For our Easter lunch a few weeks ago, I wanted to make a cake. At first, it was just going to be a lime bundt cake. I had some homemade strawberry jam though in the fridge that I needed to use for something, so then I came up with the bright idea of a lime layer cake with strawberry jam and white chocolate frosting in the middle.
I had been itching to make a lime cake recipe I found on the internet for quite a while, so I was glad to finally have the chance to make it!
I didn’t get to take any pictures of the actual process of making this cake, but I can talk a little bit about some of my mistakes (which always seem to be many when I am baking a cake!).
Mistake number one: I didn’t use enough lime zest! I think I used the 6 key limes as stated in the recipe, but I don’t think I ended up with enough lime zest. I probably also should have used a little bit more lime juice. The cake itself definitely needed more oomph to it.
Mistake number two: Sprinkling day-old lime zest on the frosted cake. The lime zest lost its bright green color overnight.
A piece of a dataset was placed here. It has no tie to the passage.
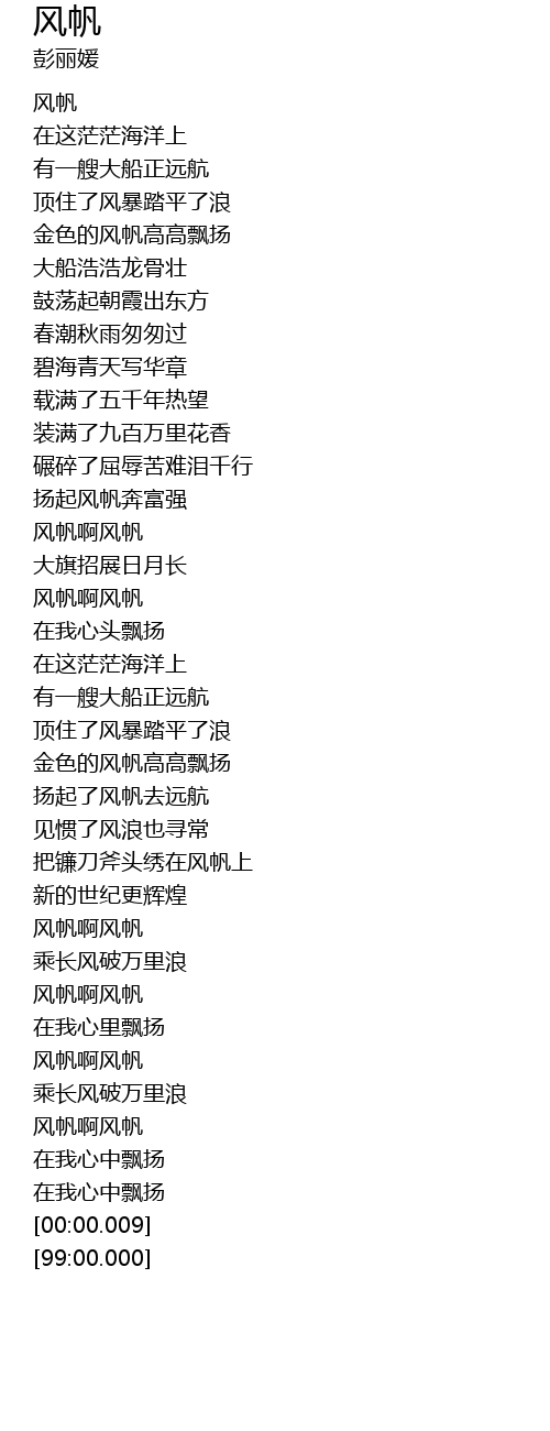 | [00:56.14] | 金色的风帆高高飘扬 |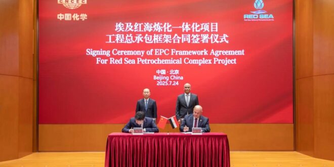 في خطوة جديدة تعكس عمق الشراكة الاستراتيجية المتنامية بين مصر والصين في قطاع البتروكيماويات، شهدت العاصمة الصينية بكين توقيع اتفاق إطار غير ملزم بين شركة البحر الأحمر الوطنية للبتروكيماويات وشركة الصين الوطنية للهندسة الكيميائية (CNCEC)، وذلك لتنفيذ مشروع البحر الأحمر للبتروكيماويات بالمنطقة الاقتصادية لقناة السويس.

I don’t think I need to say what it looked like after sitting in the fridge overnight. I really should have used fresh zest on the cake.
Mistake number three: I thought the cake layers were flat enough after baking and that I didn’t need to level them. I was wrong. I really should have sliced off just a little bit. Because the top of the bottom layer wasn’t flat, the strawberry jam in the middle of the cake kept trying to slide out and down the side of the cake.
Mistake number four: Not doing a crumb coat when frosting. I was in a hurry. I guess I really shouldn’t make cakes when I am in a hurry. Or maybe I should just stick to bundt cakes!
Mistake number five: Using white chocolate buttercream frosting. Because the cake needed more lime flavor and thus wasn’t tart enough, the whole cake was too sweet and just didn’t have enough variances in flavor for me. A cream cheese frosting might have worked better in this case.
Mistake number six: Inferior chocolate candy eggs for the decoration. Those candy eggs in the picture were quite literally only for decoration. I bought them in bulk from a nearby grocery store and they just didn’t taste very good! Even Josh didn’t like them and that is saying something right there!
There weren’t any complaints from the kids about the cake itself, and none from Josh, so that is a good thing. I have to admit though; I think the key lime-mint bundt cake I posted about more than a month ago is still my favorite cake I’ve made so far.
Maybe I will try this recipe again when I am making a cake only for my family. And when I can taste more than one slice!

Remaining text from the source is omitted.